To learn the current status of any Internet-Draft, please check
the ``1id-abstracts.txt'' listing contained in the Internet-
Drafts Shadow Directories on ftp.is.co.za (Africa),
nic.nordu.net (Europe), munnari.oz.au (Pacific Rim),
ds.internic.net (US East Coast), or ftp.isi.edu (US West Coast).

Distribution of this document is unlimited.



Abstract

This document specifies the payload format for encapsulating an H.263
bitstream in the Real-Time Transport Protocol (RTP). Three modes are
defined for the H.263 payload header. An RTP packet can use one of the
three modes for H.263 video streams depending on the desired
network packet size and H.263 encoding options employed.
The shortest H.263 payload header (mode A) supports fragmentation
at Group of Block (GOB) boundaries.

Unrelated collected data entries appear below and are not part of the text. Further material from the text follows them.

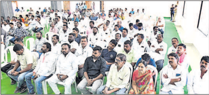
హాజరైన దళిత సంఘాల నాయకులు
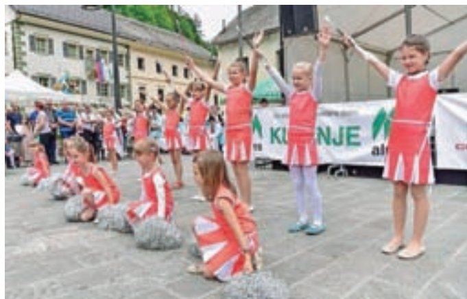
Letošnja novost so bili tudi nastopi plesnih in folklornih skupin pred plavžem.
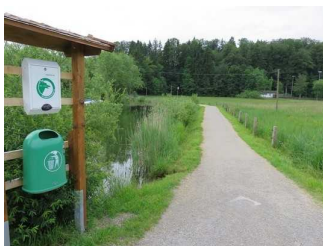
Start des Wanderweges

The long H.263 payload headers
(mode B and C) support fragmentation at Macroblock (MB) boundaries.



1. Introduction

This document describes a scheme to packetize an H.263 video stream for
transport using RTP [1]. H.263 video stream is defined by ITU-T
Recommendation H.263 (referred to as H.263 in this document) [4] for
video coding at very low data rates. RTP is defined by the Internet
Engineering Task Force (IETF) to provide end-to-end network transport
functions suitable for applications transmitting real-time data over
multicast or unicast network services.


Zhu                                                             [Page 1]


Internet Draft       draft-ietf-avt-rtp-payload-04.txt        June, 1997


2. Definitions

The following definitions apply in this document:

CIF: Common Intermediate Format. For H.263, a CIF picture has 352 x 288
pixels for luminance, and 176 x 144 pixels for chrominance.

QCIF: Quarter CIF source format with 176 x 144 pixels for luminance and
88 x 72 pixels for chrominance.

Sub-QCIF:  picture source format with 128 x 96 pixels for luminance and
64 x 48 pixels for chrominance.

4CIF: Picture source format with 704 x 576 pixels for luminance and
352 x 288 pixels for chrominance.

16CIF: Picture source format with 1408 x 1152 pixels for luminance and
704 x 576 pixels for chrominance.

GOB: For H.263, a Group of Blocks (GOB) consists of  k*16 lines, where
k depends on the picture format (k=1 for QCIF, CIF and sub-QCIF; k=2
for 4CIF and k=4 for 16CIF).

MB: A macroblock (MB) contains four blocks of luminance and the
spatially corresponding two blocks of chrominance. Each block consists
of 8x8 pixels. For example, there are eleven MBs in a GOB in QCIF
format and twenty two MBs in a GOB in CIF format.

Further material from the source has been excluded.